== MATERIAL PROVIDED

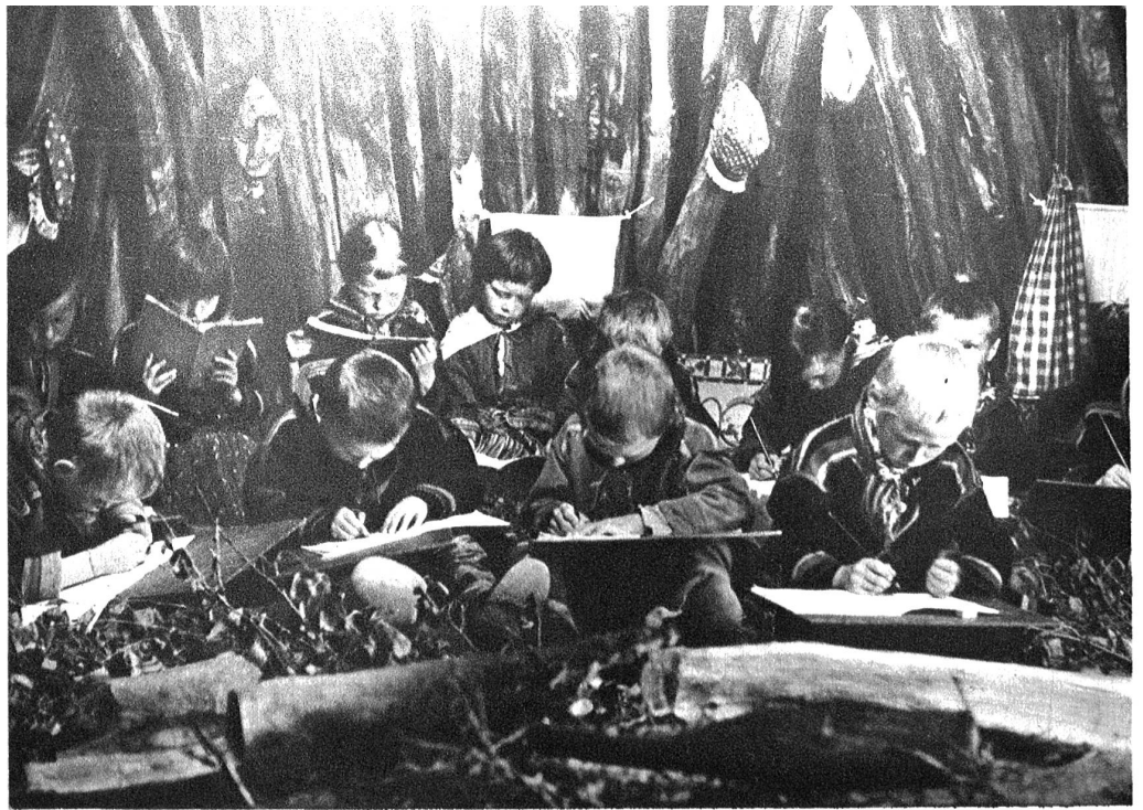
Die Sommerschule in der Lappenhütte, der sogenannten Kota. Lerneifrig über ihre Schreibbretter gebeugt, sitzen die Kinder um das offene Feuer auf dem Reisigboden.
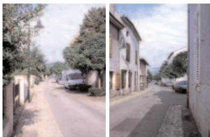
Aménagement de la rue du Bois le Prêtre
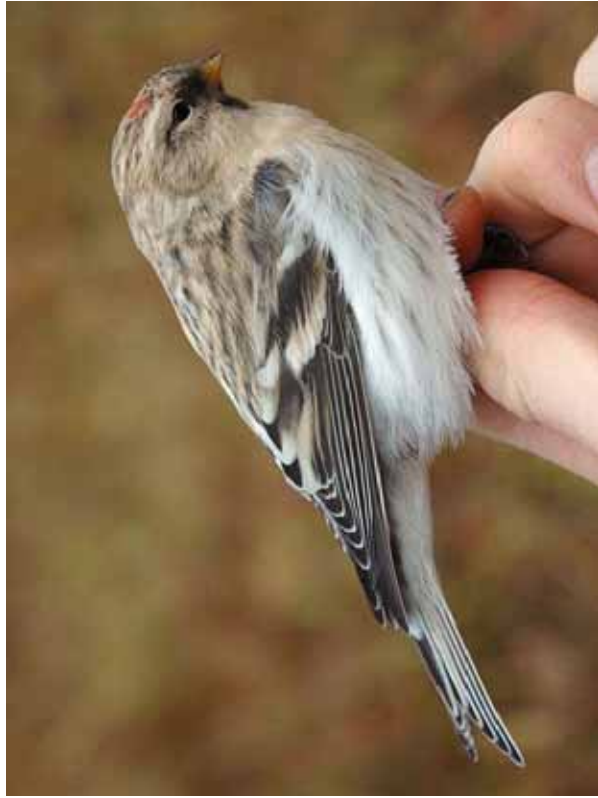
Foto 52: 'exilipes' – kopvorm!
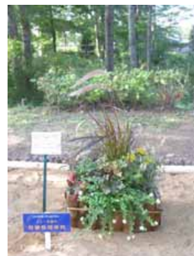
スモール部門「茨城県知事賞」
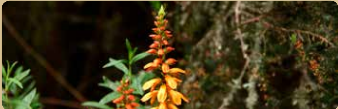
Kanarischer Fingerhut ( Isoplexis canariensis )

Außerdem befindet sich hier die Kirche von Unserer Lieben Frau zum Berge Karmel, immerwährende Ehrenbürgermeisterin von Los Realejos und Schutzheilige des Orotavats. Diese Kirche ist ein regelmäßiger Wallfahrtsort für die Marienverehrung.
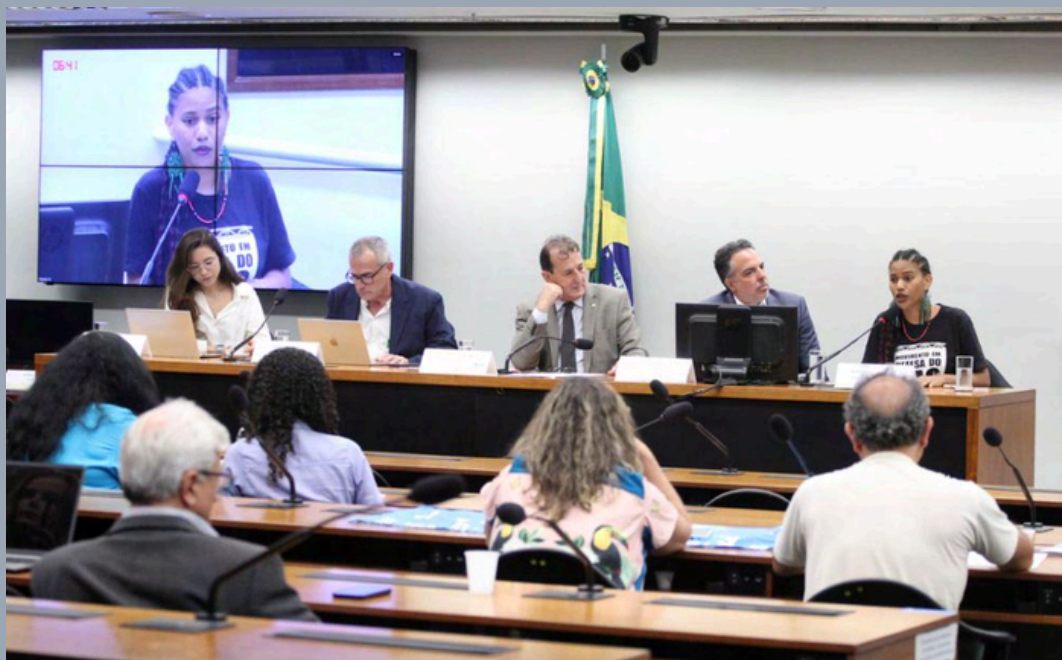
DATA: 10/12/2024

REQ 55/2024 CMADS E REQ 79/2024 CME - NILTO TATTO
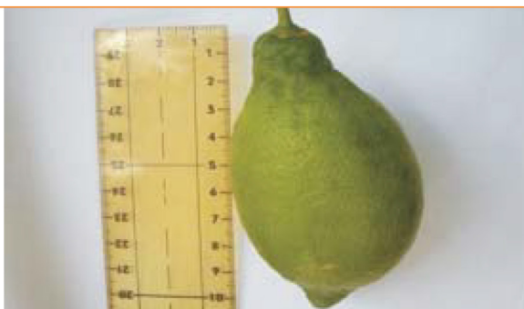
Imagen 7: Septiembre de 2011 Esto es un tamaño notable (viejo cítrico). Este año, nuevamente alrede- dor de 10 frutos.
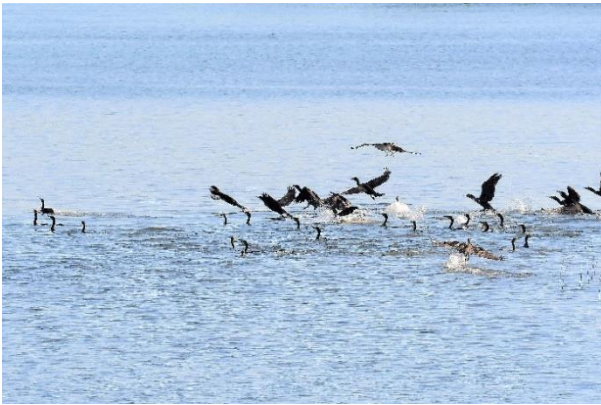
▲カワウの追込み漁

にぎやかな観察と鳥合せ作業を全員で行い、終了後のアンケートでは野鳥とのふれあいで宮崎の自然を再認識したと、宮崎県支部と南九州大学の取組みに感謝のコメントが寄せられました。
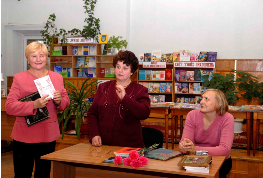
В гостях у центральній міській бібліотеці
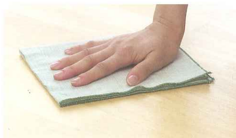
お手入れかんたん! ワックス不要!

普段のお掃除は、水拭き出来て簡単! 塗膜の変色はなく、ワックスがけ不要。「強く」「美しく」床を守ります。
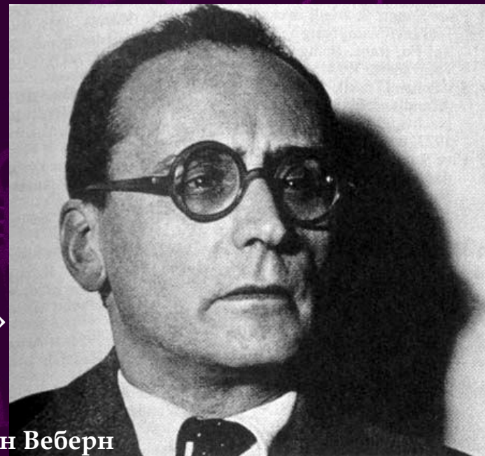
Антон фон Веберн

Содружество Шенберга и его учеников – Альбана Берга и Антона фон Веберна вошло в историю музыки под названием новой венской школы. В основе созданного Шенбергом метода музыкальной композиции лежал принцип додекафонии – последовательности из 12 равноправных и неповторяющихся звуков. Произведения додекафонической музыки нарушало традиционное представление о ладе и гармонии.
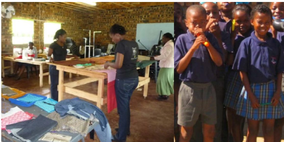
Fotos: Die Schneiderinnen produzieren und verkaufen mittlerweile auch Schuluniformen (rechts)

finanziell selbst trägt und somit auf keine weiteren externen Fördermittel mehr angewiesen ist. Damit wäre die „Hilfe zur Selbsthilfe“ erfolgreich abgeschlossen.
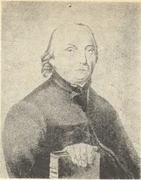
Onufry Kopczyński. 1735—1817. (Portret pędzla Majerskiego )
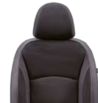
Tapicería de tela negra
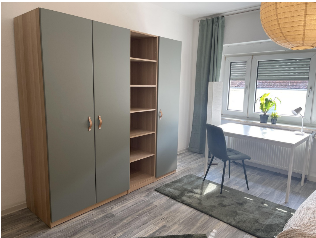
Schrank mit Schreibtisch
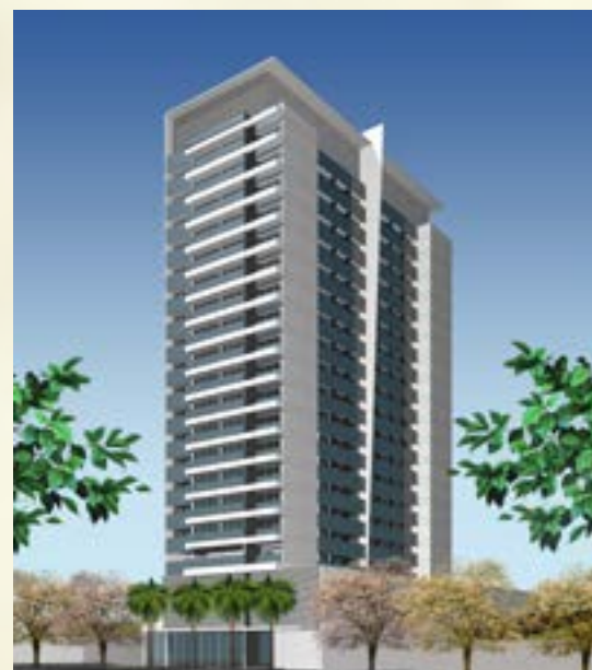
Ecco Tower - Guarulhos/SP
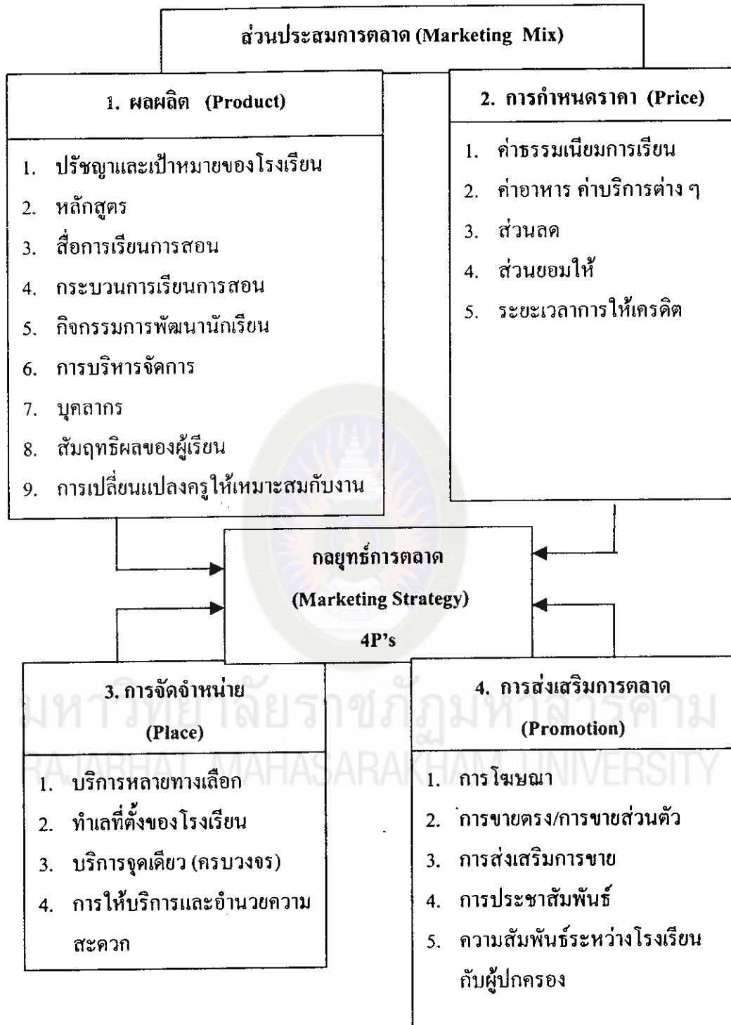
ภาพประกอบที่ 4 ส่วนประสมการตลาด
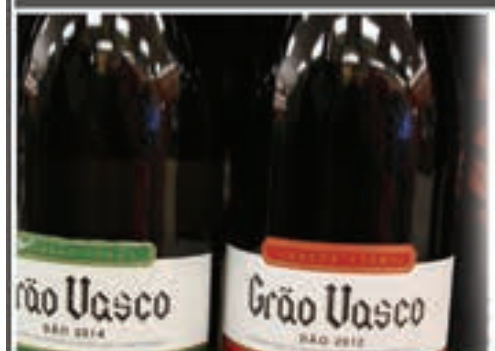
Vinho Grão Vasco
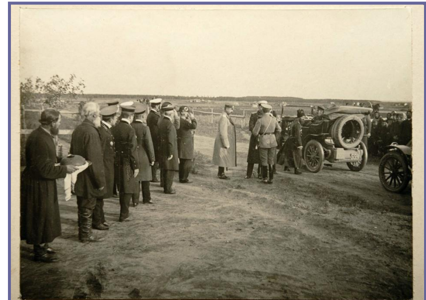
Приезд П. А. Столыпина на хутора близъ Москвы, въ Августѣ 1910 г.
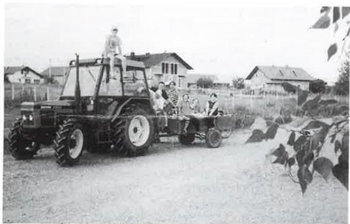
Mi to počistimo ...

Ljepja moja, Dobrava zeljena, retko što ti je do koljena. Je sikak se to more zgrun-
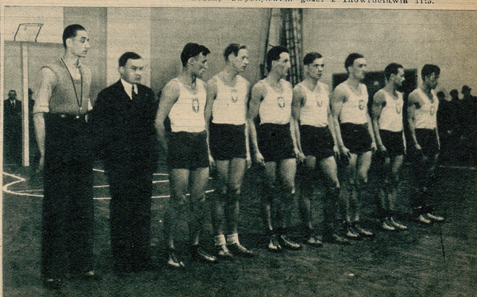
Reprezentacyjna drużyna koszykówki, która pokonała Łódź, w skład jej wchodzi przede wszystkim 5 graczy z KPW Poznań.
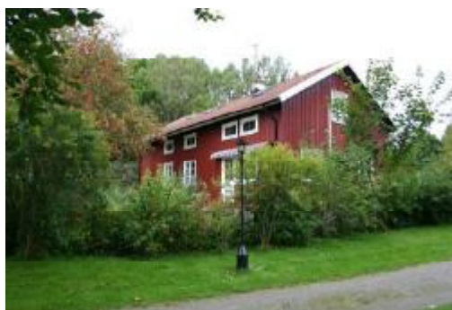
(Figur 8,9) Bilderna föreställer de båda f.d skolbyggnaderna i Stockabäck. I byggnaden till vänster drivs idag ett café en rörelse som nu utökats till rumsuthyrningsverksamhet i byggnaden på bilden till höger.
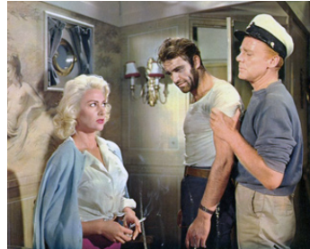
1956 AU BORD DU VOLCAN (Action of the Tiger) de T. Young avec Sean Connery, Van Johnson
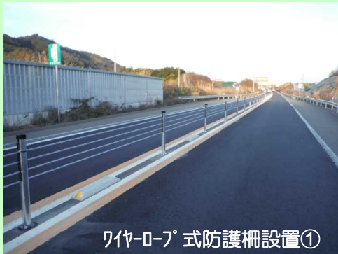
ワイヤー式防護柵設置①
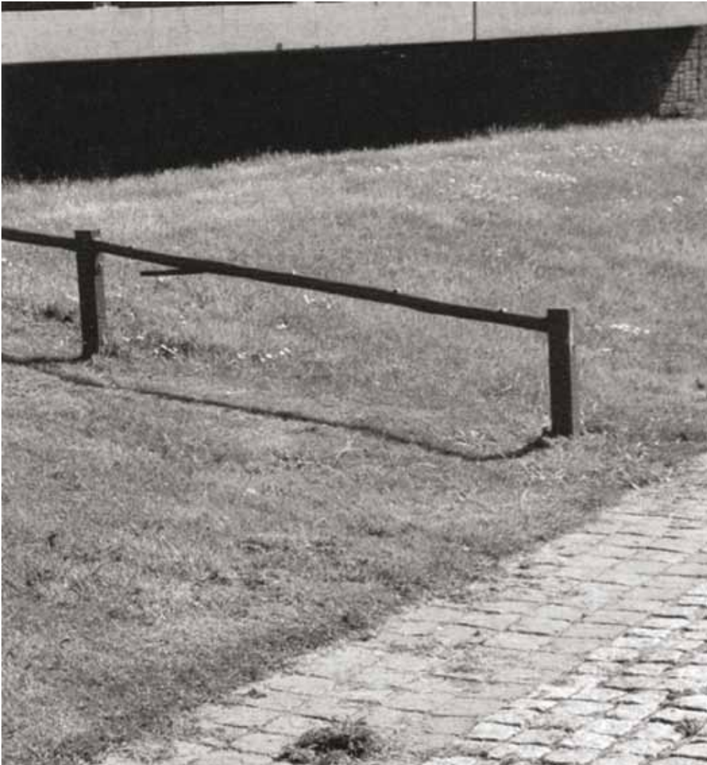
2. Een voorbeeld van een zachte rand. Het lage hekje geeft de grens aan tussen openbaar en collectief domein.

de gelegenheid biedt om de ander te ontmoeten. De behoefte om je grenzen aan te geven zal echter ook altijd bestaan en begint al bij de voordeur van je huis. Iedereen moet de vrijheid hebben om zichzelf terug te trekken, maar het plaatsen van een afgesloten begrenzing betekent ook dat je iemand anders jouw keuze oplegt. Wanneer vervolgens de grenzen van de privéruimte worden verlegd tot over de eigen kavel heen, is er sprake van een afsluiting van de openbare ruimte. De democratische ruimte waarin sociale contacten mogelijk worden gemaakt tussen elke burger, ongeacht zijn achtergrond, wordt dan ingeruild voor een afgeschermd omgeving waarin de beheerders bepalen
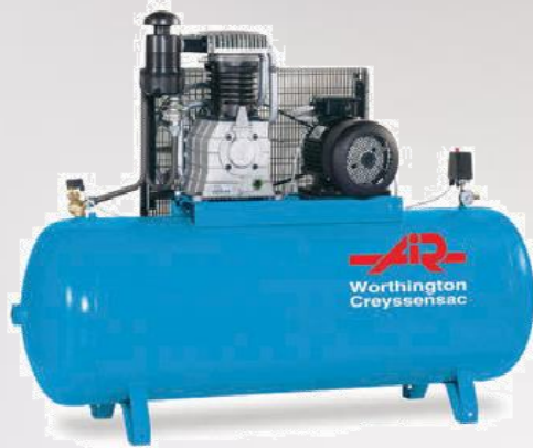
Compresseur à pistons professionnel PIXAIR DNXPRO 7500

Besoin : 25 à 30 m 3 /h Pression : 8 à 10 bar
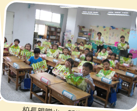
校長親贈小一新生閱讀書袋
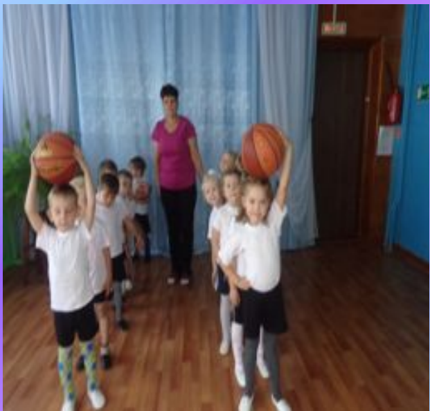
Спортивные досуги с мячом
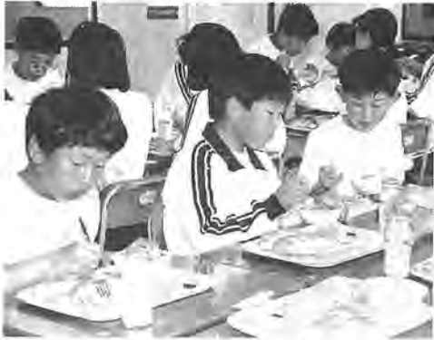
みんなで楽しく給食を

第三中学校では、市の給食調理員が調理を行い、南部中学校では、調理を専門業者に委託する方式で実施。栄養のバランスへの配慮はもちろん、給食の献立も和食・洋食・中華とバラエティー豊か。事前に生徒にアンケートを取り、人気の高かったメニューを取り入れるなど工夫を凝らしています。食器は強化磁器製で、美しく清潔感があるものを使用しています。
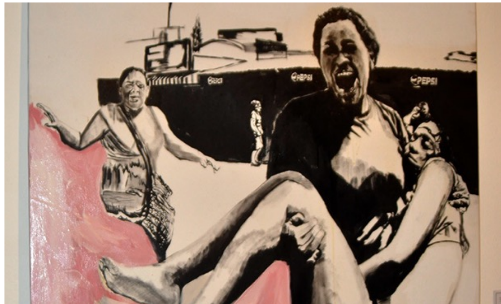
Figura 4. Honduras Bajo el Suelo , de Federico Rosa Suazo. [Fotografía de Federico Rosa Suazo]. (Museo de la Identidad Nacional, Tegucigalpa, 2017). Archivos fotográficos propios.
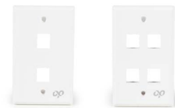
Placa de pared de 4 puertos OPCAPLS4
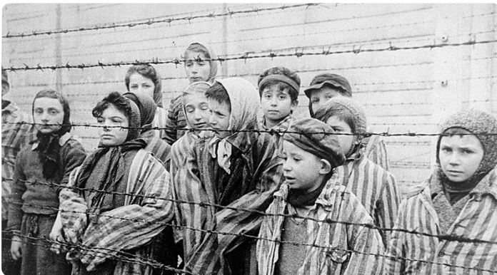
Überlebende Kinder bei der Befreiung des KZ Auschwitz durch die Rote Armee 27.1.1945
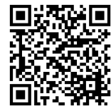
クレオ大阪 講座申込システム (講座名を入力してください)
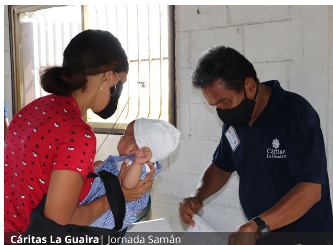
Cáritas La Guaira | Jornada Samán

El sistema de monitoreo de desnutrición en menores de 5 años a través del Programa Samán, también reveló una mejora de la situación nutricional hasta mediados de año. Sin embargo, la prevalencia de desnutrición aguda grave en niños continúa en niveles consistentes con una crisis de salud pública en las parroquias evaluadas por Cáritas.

====

** TASK REQUIREMENTS **
The lines to reproduce run from the one above containing "Placa de pared de 4 puertos OPCAPLS4" through the one containing "Cáritas La Guaira | Jornada Samán". Copy them exactly and leave out all pictures.

** TASK SOLUTION **
Placa de pared de 4 puertos OPCAPLS4
Überlebende Kinder bei der Befreiung des KZ Auschwitz durch die Rote Armee 27.1.1945
クレオ大阪 講座申込システム (講座名を入力してください)
Cáritas La Guaira | Jornada Samán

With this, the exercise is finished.